# Time to get the fish house off the lake.



## swmnhay (Jun 13, 2008)

__ https://www.facebook.com/video.php?v=1147009985311712



48 degrees today,ice is melting fast


----------



## BWfarms (Aug 3, 2015)

How thick did ice get this year?


----------



## swmnhay (Jun 13, 2008)

BWfarms said:


> How thick did ice get this year?


18" where we were at


----------



## PaMike (Dec 7, 2013)

Just the idea of driving a truck on the ice when there is standing water gives me the creeps...


----------



## deadmoose (Oct 30, 2011)

swmnhay said:


> 18" where we were at


Warm winter.


----------



## stack em up (Mar 7, 2013)

PaMike said:


> Just the idea of driving a truck on the ice when there is standing water gives me the creeps...


Oh, it'll be fine.... Have some friends that race their snowmobiles across standing water. No I do not do that and yes, I am the smartest of the group.

No kidding moose. 2013-2014, St James Lake hit 54" of ice.


----------



## PaMike (Dec 7, 2013)

stack em up said:


> Oh, it'll be fine.... Have some friends that race their snowmobiles across standing water. No I do not do that and yes, I am the smartest of the group.
> 
> No kidding moose. 2013-2014, St James Lake hit 54" of ice.


Says the guy from the land of ice and snow...

In our neck of the woods you pull that off and you are one lucky SOB...


----------



## Thumbtack (Jun 18, 2012)

Cy you are crazy. Now I know why I live in the desert


----------



## swmnhay (Jun 13, 2008)

PaMike said:


> Says the guy from the land of ice and snow...
> In our neck of the woods you pull that off and you are one lucky SOB...

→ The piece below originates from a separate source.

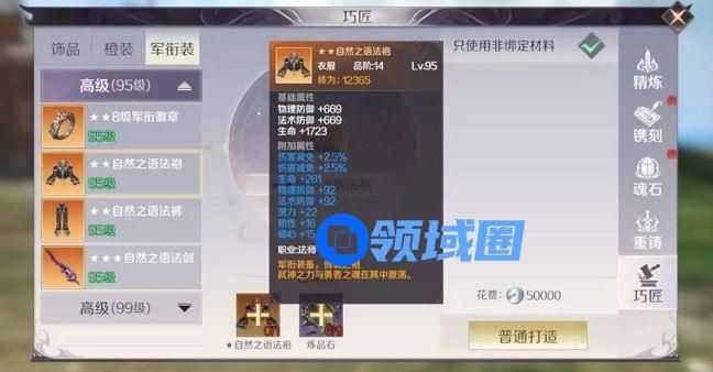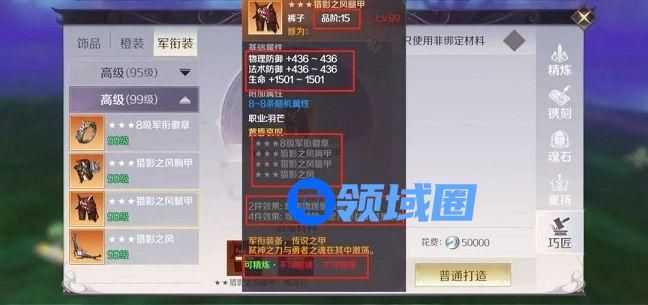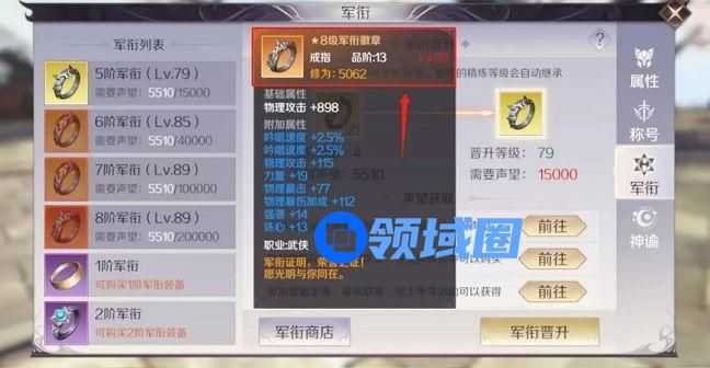 使用对应材料可将89级13阶军衔装备,升级为95级14品军衔装备以及99级15品军衔装备。

You can actually run the newer snowmobiles on water if you keep the speed up.They can be equipped with paddle/ long tracks made for mountain climbing.No I'm not that crazy!!!!


----------



## deadmoose (Oct 30, 2011)




----------



## deadmoose (Oct 30, 2011)

Forget that!


----------



## glasswrongsize (Sep 15, 2015)

deadmoose said:


>


NOPE!! And that's final. Non negotiable!!


----------



## BWfarms (Aug 3, 2015)

What's wrong with that, I'd do it. No different than sand bar jumping or jet skiing.

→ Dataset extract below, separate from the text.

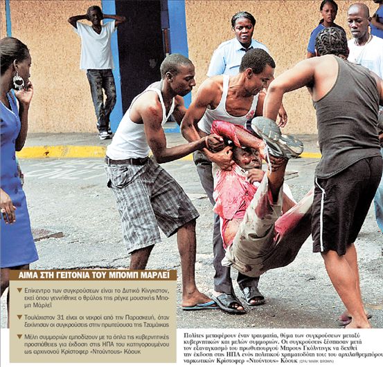 Χιλιάδες βαριά οπλισμένοι αστυνομικοί και στρατιώτες από τη μία και κουκουλοφόροι κακοποιοί από την άλλη έχουν μετατρέψει σε πεδίο μάχης τις τελευταίες τρεις ημέρες τις βιαιότερες φτωχογειτονιές της τζαμαϊκανικής πρωτεύουσας, Κίνγκστον. Οι μάχες συνεχίστηκαν για τρίτη ημέρα χθες με επίκεντρο το Δυτικό Κίνγκστον, τη γενέτειρα του θρύλου της μουσικής ρέγκε Μπομπ Μάρλεϊ.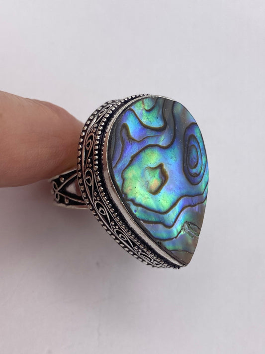 Vintage Green Abalone White Bronze Silver Cocktail Ring

I was on ice that was 8-10 inches, hit a snow drift and immediately sank into water, I was full throttle paddling to get out.


----------



## glasswrongsize (Sep 15, 2015)

BWfarms said:


> What's wrong with that, I'd do it. No different than sand bar jumping or jet skiing.
> 
> I was on ice that was 8-10 inches, hit a snow drift and immediately sank into water, I was full throttle paddling to get out.

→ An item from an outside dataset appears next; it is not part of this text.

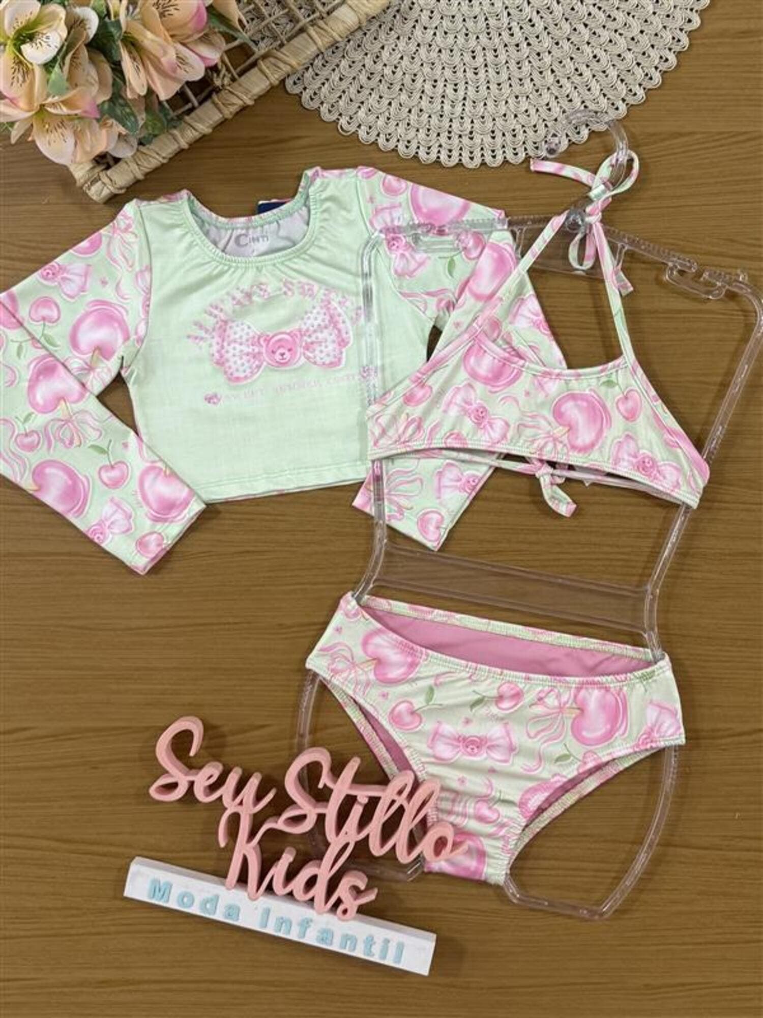 Biquíni Infantil Cinti Verão com Blusa Manga Longa Verde Docinhos

Well for starters, the the jet ski breaks down--it still floats. Second, every time I've been on a jet ski and wound up in the water, the water was warm.  You guys go have a big time. I'll hold your beer for you right after you say "hold my beer; watch this!" 

73, Mark


----------



## IHCman (Aug 27, 2011)

50s on Saturday, will be like that here.


----------